Start of DATASET RECORDS
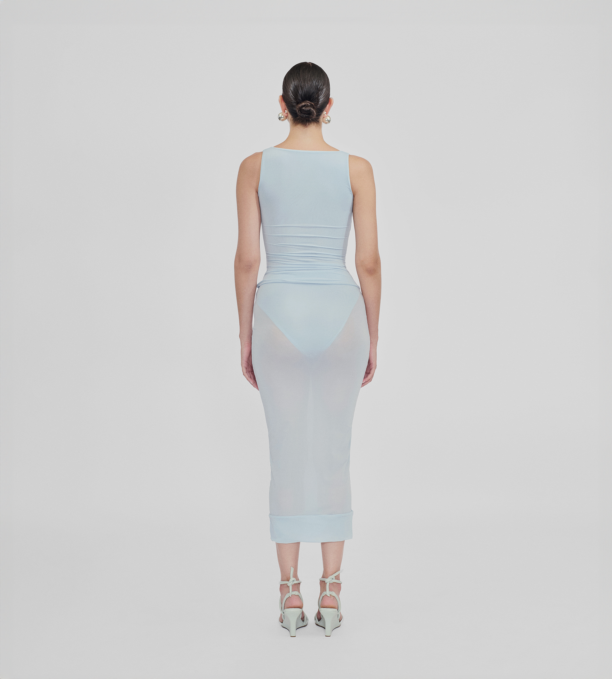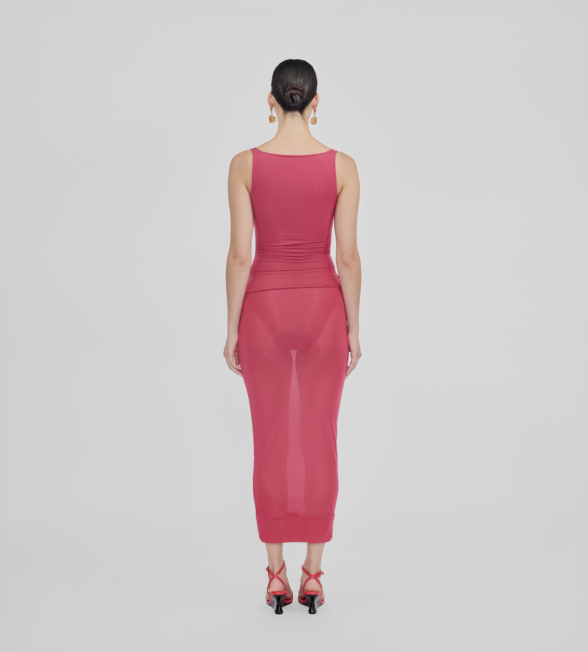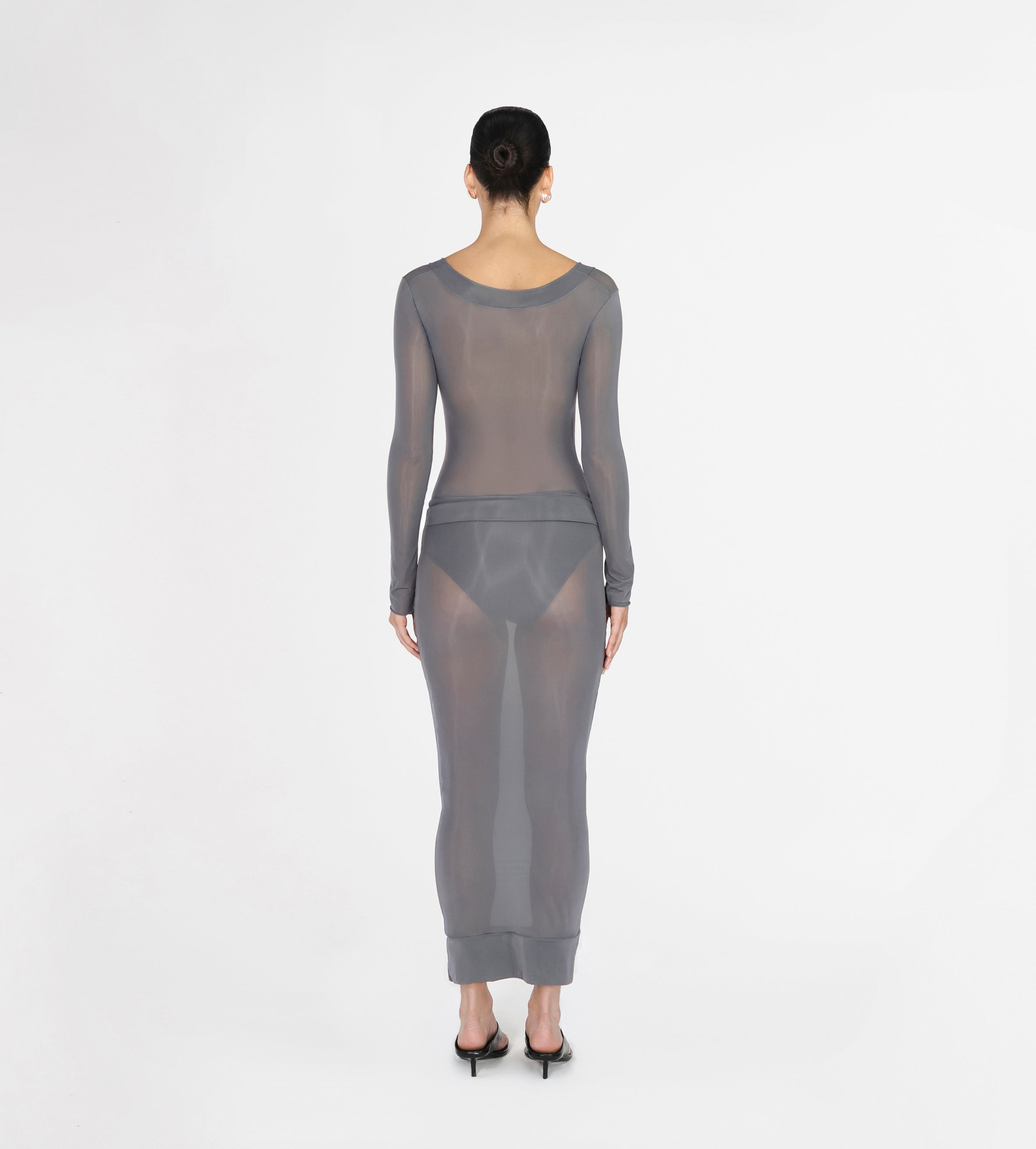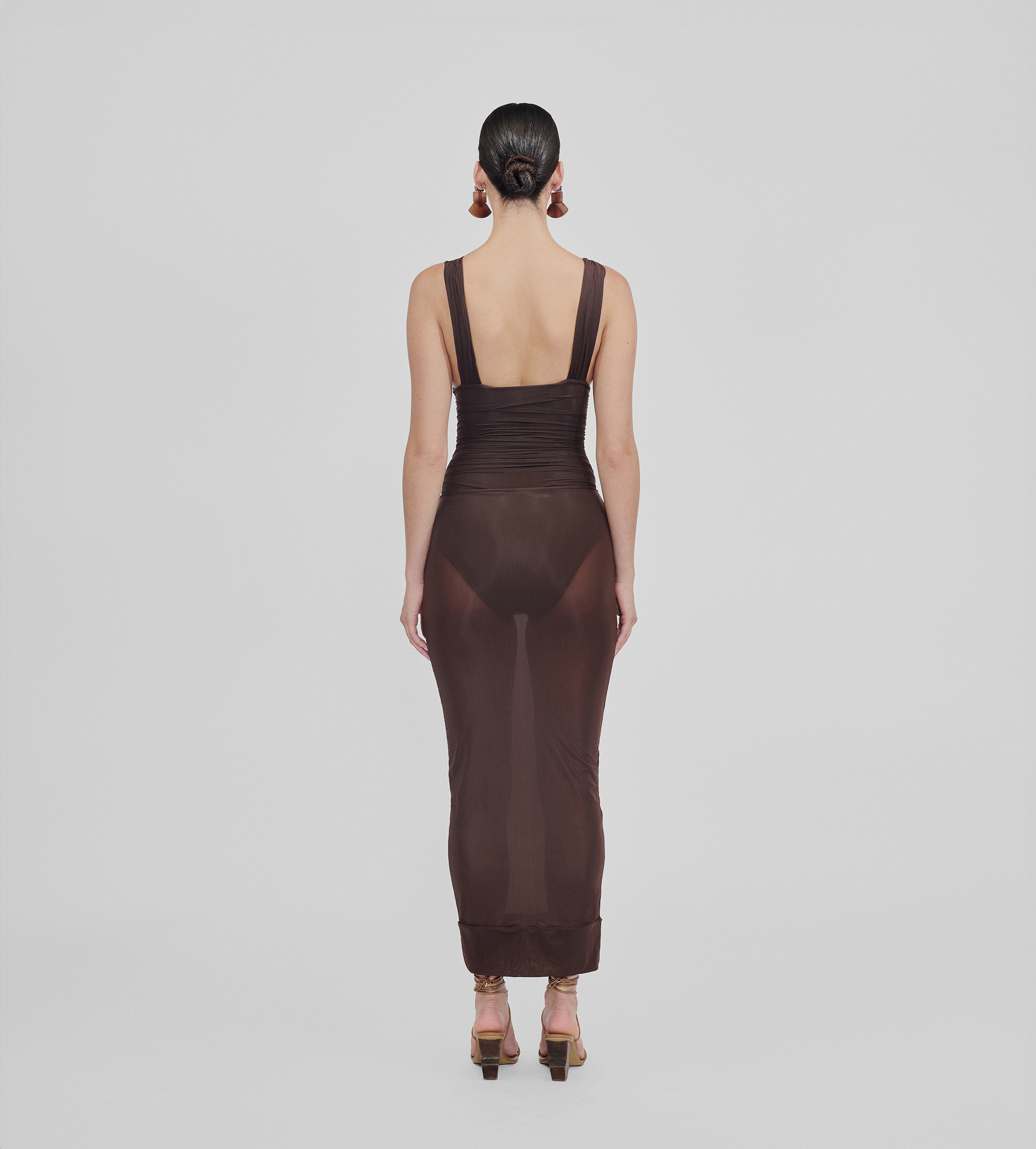 Nuestra falda midi Jagua confeccionada en lycra semitransparente, presenta una capa interior tipo panty, su silueta estilo columna crea un diseño versátil y atemporal.
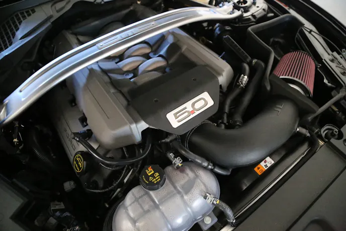 In the case of the induction system, one of the most popular cold-air induction systems produced for late-model Mustang is from JLT Performance. The company got the jump on designing a kit for the Coyote engine in the 2015+ Mustangs, and they haven’t looked back except to tweak the system with some minor upgrades.
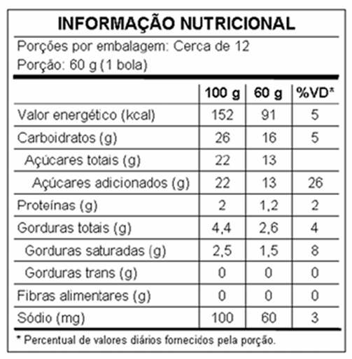 Ingr.: Água, açúcar, composto lácteo, leite integral em pó, mescla (açúcar invertido, xarope de glucose de milho (espécies doadoras de gene: Agrobacterium tumefaciens, Bacillus thuringiensis, Streptomyces viridochromogenes, Sphingobium herbicidovorans e Zea mays)), (**), água, cacau em pó, amido (espécies doadoras de gene: Agrobacterium tumefaciens, Bacillus thuringiensis, Streptomyces viridochromogenes, Sphingobium herbicidovorans e Zea mays), xarope de glucose, agente de textura (maltodextrina, gordura vegetal, caseinato, emulsificantes INS 477 e 471, estabilizante INS 450iii), corantes amarelo tartrazina (IN 102) e INS 110, aromatizante, estabilizantes INS 412, 410 e 415.
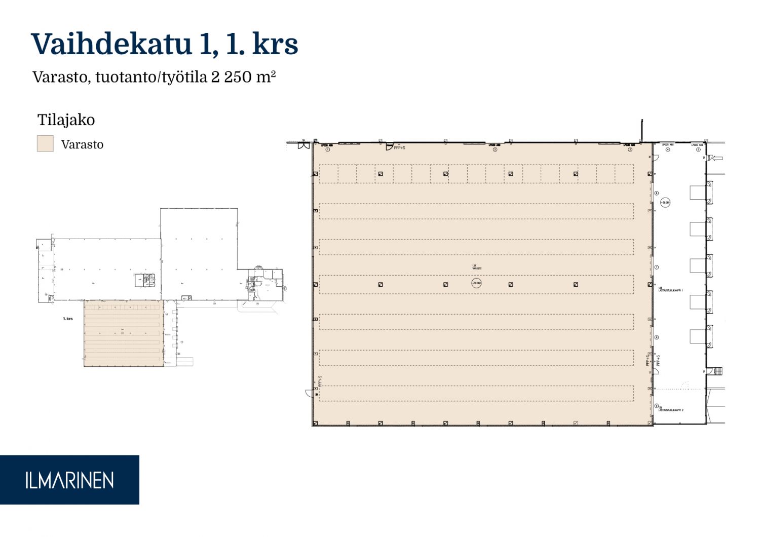 Vuokrattavana 2 250 m² korkeaa varastotilaa keskeisellä sijainnilla Lahdentien tuntumassa. Tilan vapaa korkeus on noin 12 metriä, mikä mahdollistaa tehokkaan varastoinnin. Pysäköintipaikkoja on kiinteistön piha-alueella useassa kohdassa.
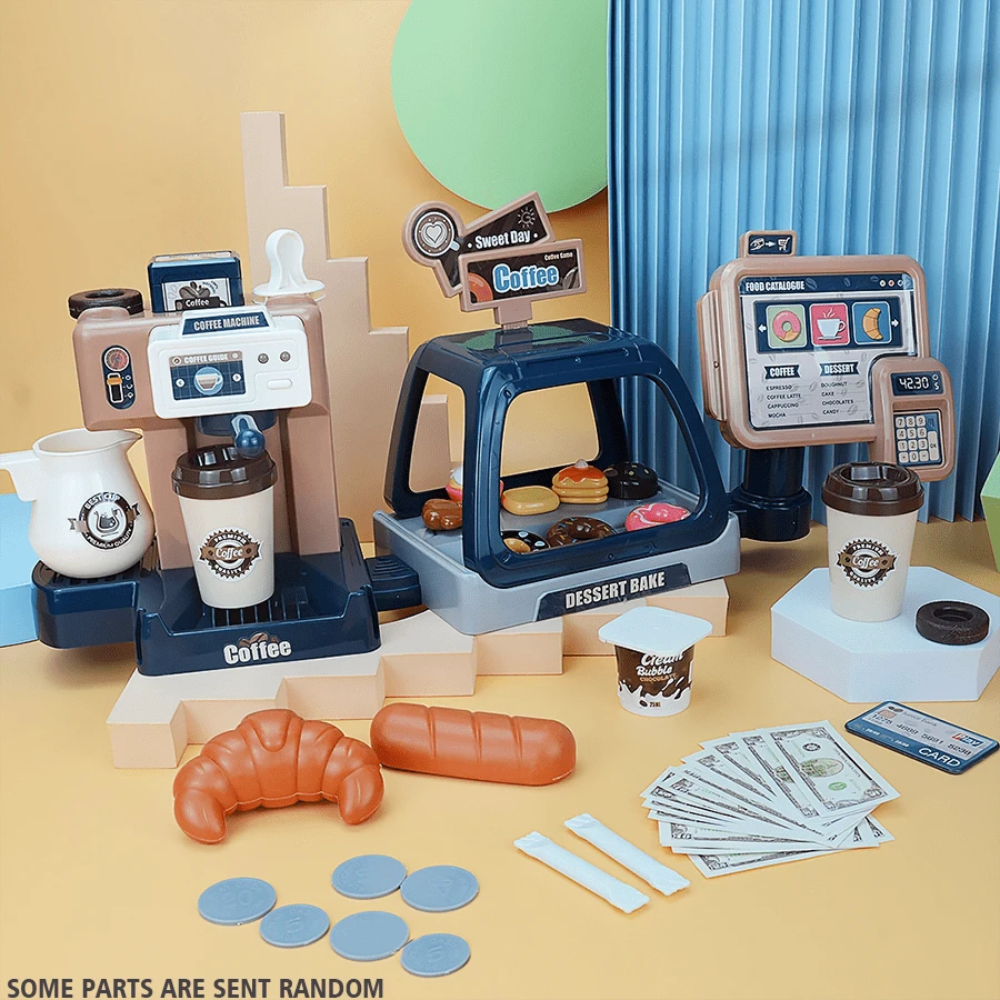 41pcs Blue Supermarket Cashier, Cafe, And Beverage Vending Machine Playset With Pretend Play Accessories, Birthday Gift For Boys And Girls, Indoor Parent-child Interaction
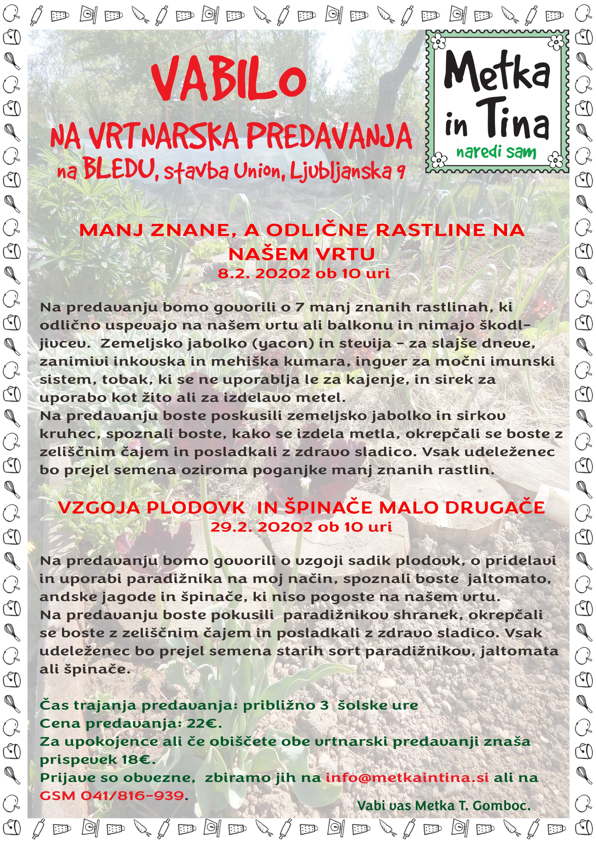 Prijave so obvezne, zbiramo jih na info@metkaintina.si ali na 041/816-939.
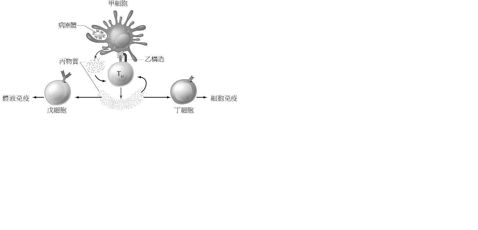 (1)甲細胞可能為何種細胞? (A)肥大細胞 (B)巨噬細胞 (C)樹突細胞 (D)癌細胞 (E)受感染的細胞。
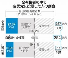 ![]() 図1(*1より) 図2 (1)原発ゼロは否定されたのか? 図1のように、59.8%の人が「原発は0にする」という政策に賛成であったにもかかわらず、明確に原発ゼロを掲げた政党の議席数は28.0%しかなかった。これには、もちろん議席獲得のマジックもある。しかし、自民党は、原発ゼロに反対だったのかと言えば、反対はしておらず、さらに電力自由化を公約にしていた。そして、本当に電力自由化が進めば、私が、このブログの2012年11月24日、9月2日に記載したとおり、原発はコストが見合わないため消滅した上、電気料金は下がる。従って、私は、自民党は、覚悟を持って徹底した電力自由化を行い、電力市場に公正な競争を導入すべきだと思うし、そのためのインフラを最小のコストで整備すべきである。そして、そこまで考慮した人を含めれば、原発ゼロの方針は総選挙でも否定されていない。 (2)消費税増税反対は否定されたのか? 消費税増税反対の人が55.6%いたにもかかわらず、消費税増税をしないという公約を掲げた政党の議席数は、12.0%に留まった。これは、消費税増税に賛成か、反対かという1点で賛否を問う選挙ではなかったので、①マニフェスト等の実行力で自民党に投票したが、消費税増税には反対だ ②他のテーマを優先して消費税増税反対をしている政党に投票しなかった という人も多いだろう。つまり、争点を1点に絞って投票しているわけではないので、そのテーマでの民意と選挙結果がずれることはある。また、官僚が背後で操って、こういう結果を導いていることもある。 (3)憲法9条改正反対はどうだったのか? 憲法9条改正反対の人は41.4%いたが、議席数は16.0%しかなかった。その差は大きいが、その理由は、憲法9条改正反対をしているのが、主に共産党、社民党であるため、世界ではすでにマルクス主義や共産主義・社会主義が淘汰されている現在、選択しにくい政党だからだと思う。しかし、マルクス主義、共産主義、社会主義を主張している点を除けば、両党は、一般の人が賛成しやすいことを言っている場合が多いため、私は、両党が世界の歴史に合わせて共産主義や社会主義を主張するのをやめてはどうかと思う。そして、*2については、阿部知子さんは、環境や生命を大切にし、まともなことを言う方であるため、阿部さんを中心として「緑の党」を作ってもよいではないかと思った。 安部さんは、党派を超えて、表舞台から下ろすには惜しすぎる人材だからである。 なお、私自身は、憲法は9条2項のみを改正して自衛隊に関する超法規的な憲法解釈をやめ、自衛隊を軍としてきちんと定義して防衛できるようにした方がよいと思っている。戦後生まれで戦争をしたいと思っている人はいないので、憲法改正や集団的自衛権についても、そろそろ国民の前で議論して、その意図や内容を明確に示すべき時だろう。 (4)選挙制度について 図2のように、投票率が59.3%で低かったため、第三局に投票しがちな浮動票が少なかったと思われる。そうなると、確固たる支持基盤を持つ自民党や民主党の候補に有利だ。また、小選挙区制では得票数が1番の人以外は当選しないため、当選者以外の候補への票は死票になり、議席数と民意が比例しない。さらに、自民党は選挙に慣れており、長く政権を担っていたため、支持団体のボランティアも団結が強く、選挙を手伝い慣れているということもある。また、支持してくれた団体には、予算や政策で返すことができるため、実際には純粋なボランティアではないということもあろう。 では、中選挙区制の方がよいのかと言えば、対象地域が広くなるため、ポスターやビラの印刷枚数がそれだけ多く、選挙に多くの金がかかる。そうすると、金があり、慣れたボランティアを動員できる人しか立候補できないため、当選者も普通の人とはかけ離れた人になりそうだ。 *1:http://www.tokyo-np.co.jp/article/politics/news/CK2012121702000259.html (東京新聞 2012年12月17日) 脱原発 世論6割、当選3割 3大争点すべてズレ 衆院選では、原発政策とともに大きな争点だった消費税増税や憲法九条でも民意と選挙結果に隔たりのある結果となった。本紙が公示直前に行った世論調査と、東京都の二十五選挙区に立候補した百三十四人を対象に行ったアンケートを比較するとその差は歴然としている。 原発では、世論の約六割が原発ゼロを訴えていたが、東京の二十五選挙区でも自民党候補が続々と勝利。当選した自民党の中にはアンケートで「原発ゼロ」と答えた候補もいたが、二十五人の中で脱原発を求める当選者は28%にとどまった。 消費税増税について世論調査では反対が55・6%で、半数を超えていた。消費税増税は民主党と自民、公明両党の三党の枠組みで決めた。マニフェストで約束していなかったのに増税を決めた民主党は、世論の批判をまともに受けて惨敗。しかし、その代わり自民党が小選挙区で躍進し、公明党も議席を獲得したため、結局、増税勢力が多数を占めた。 憲法九条は、世論調査では
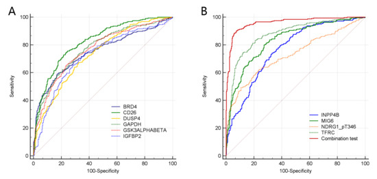 ROC curves of the 10 selected protein features and the combination test of 8 biomarkers. (A) shows the ROC curves of the 6 protein features of BRD4, CD26, DUSP4, GAPDH, GSK3ALPHABETA and IGFBP2; (B) shows the ROC curves of the 4 protein features of INPP4B, MIG6, NDRG1_pT346, TFRC and the combination test curve of 8 biomarkers.
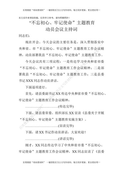 20190613不忘初心牢记使命主题教育动员会主持词[更多资源请百度搜索“培实素材网”]
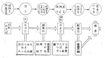 材料を用意してから食卓にならべるまで,炊事の作業は大体きまった順序で行われるからその手順があと先きになったり無駄な動作をしないように流しやかまどを配列し,器具るいも,それぞれの場所にきちんとする。
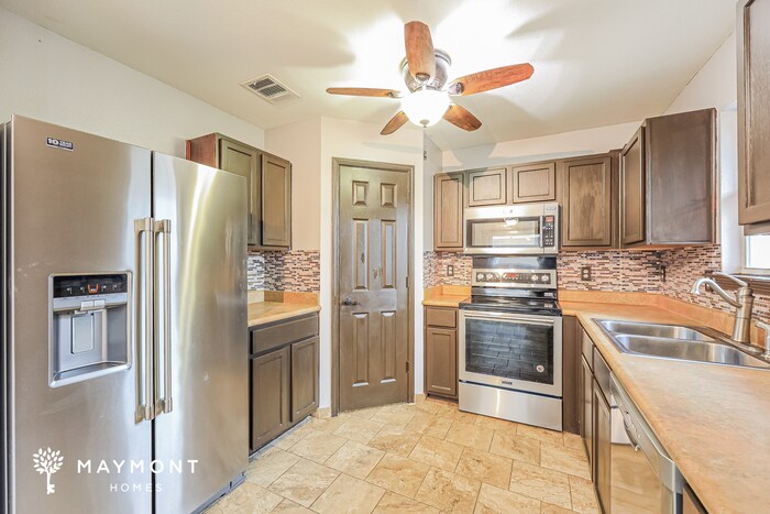 MOVE-IN READY This home is move-in ready. Schedule your tour now or start your application today. Maymont Homes is committed to clear and upfront pricing. In addition to the advertised rent, residents may have monthly fees, including a $10.95 utility management fee, a $25.00 wastewater fee for homes on septic systems, and an amenity fee for homes with smart home technology, valet trash, or other community amenities. This does not include utilities or optional fees, including but not limited to pet fees and renter’s insurance. Welcome to this inviting 4-bedroom, 2-bath home in San Antonio, TX, offering comfort and convenience in a prime location. The home features a tall arched entryway that creates a beautiful first impression, along with a spacious two-car garage for everyday ease. Inside, freshly painted walls create a bright and welcoming atmosphere throughout. The dining room and kitchen feature durable tile flooring for easy maintenance. The kitchen provides plenty of room for meal preparation and dining, making it perfect for everyday living or entertaining. The primary bedroom serves as a relaxing retreat with its own ensuite bathroom, complete with a garden tub and a separate standing shower. Three additional bedrooms offer generous space and flexibility for guests or a home office. Step outside to a fenced backyard with a deck, ideal for relaxing or hosting gatherings outdoors. Conveniently located near major interstates, shopping centers, and restaurants, this home offers easy access to everything San Antonio has to offer. It’s less than 20 minutes from downtown and just 11 miles from San Antonio International Airport, making it a perfect balance of comfort and connectivity. *Maymont Homes provides residents with convenient solutions, including simplified utility billing and flexible rent payment options. Contact us for more details. This information is deemed reliable, but not guaranteed. All measurements are approximate. Actual product and home specifications may vary in dimension or detail. Images are for representational purposes only. Some programs and services may not be available in all market areas. Prices and availability are subject to change without notice. Advertised rent prices do not include the required application fee, the partially refundable reservation fee (due upon application approval), or the mandatory monthly utility management fee (in select market areas.) Residents must maintain renters insurance as specified in their lease. If third-party renters insurance is not provided, residents will be automatically enrolled in our Master Insurance Policy for a fee. Select homes may be located in communities that require a monthly fee for community-specific amenities or services. For complete details, please contact a company leasing representative. Equal Housing Opportunity. Estimated availability date is subject to change based on construction timelines and move-out confirmation. This property allows self guided viewing without an appointment. Contact for details.
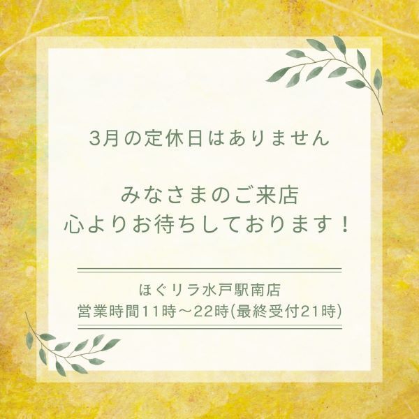 ほぐリラ水戸駅南店は、3月も定休日無く営業いたします!
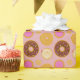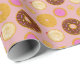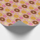 A seamless doughnut pattern wrapping paper with five different kinds of doughnuts.
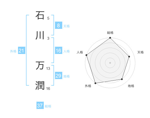 石川 万潤さんの総格は37画の5点
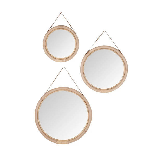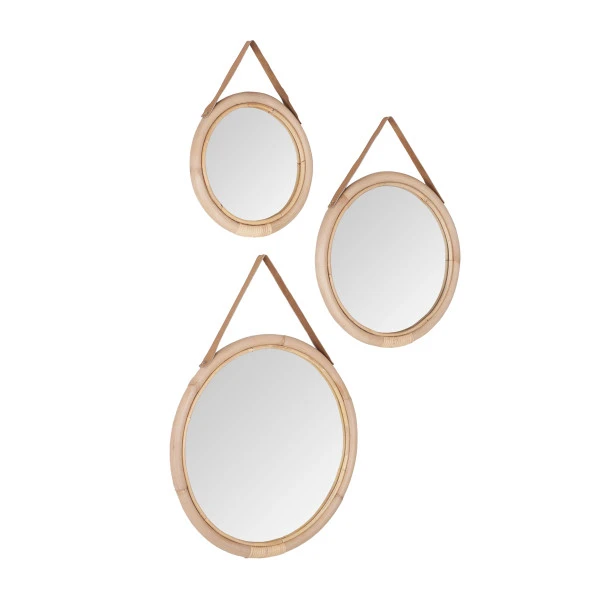 Met de Must Living San Jose spiegels van rotan haal je een natuurlijke sfeer in huis. De set bestaat uit 3 ronde spiegels van onbewerkt, gebogen rotan aan een bruine lederen hanger. Hang ze gezellig bij elkaar of verdeel de set van spiegels over de woonruimte! De 3 spiegels hebben een verschillend formaat zodat ze samen een speels geheel vormen. Leuk boven een rotan dressoir of fauteuil.
End of DATASET RECORDS
Omit every picture, and please return the entries exactly from the first line through the line with "In the case", both included.

RESPONSE TO THIS TASK ->
 Nuestra falda midi Jagua confeccionada en lycra semitransparente, presenta una capa interior tipo panty, su silueta estilo columna crea un diseño versátil y atemporal.
 In the case of the induction system, one of the most popular cold-air induction systems produced for late-model Mustang is from JLT Performance. The company got the jump on designing a kit for the Coyote engine in the 2015+ Mustangs, and they haven’t looked back except to tweak the system with some minor upgrades.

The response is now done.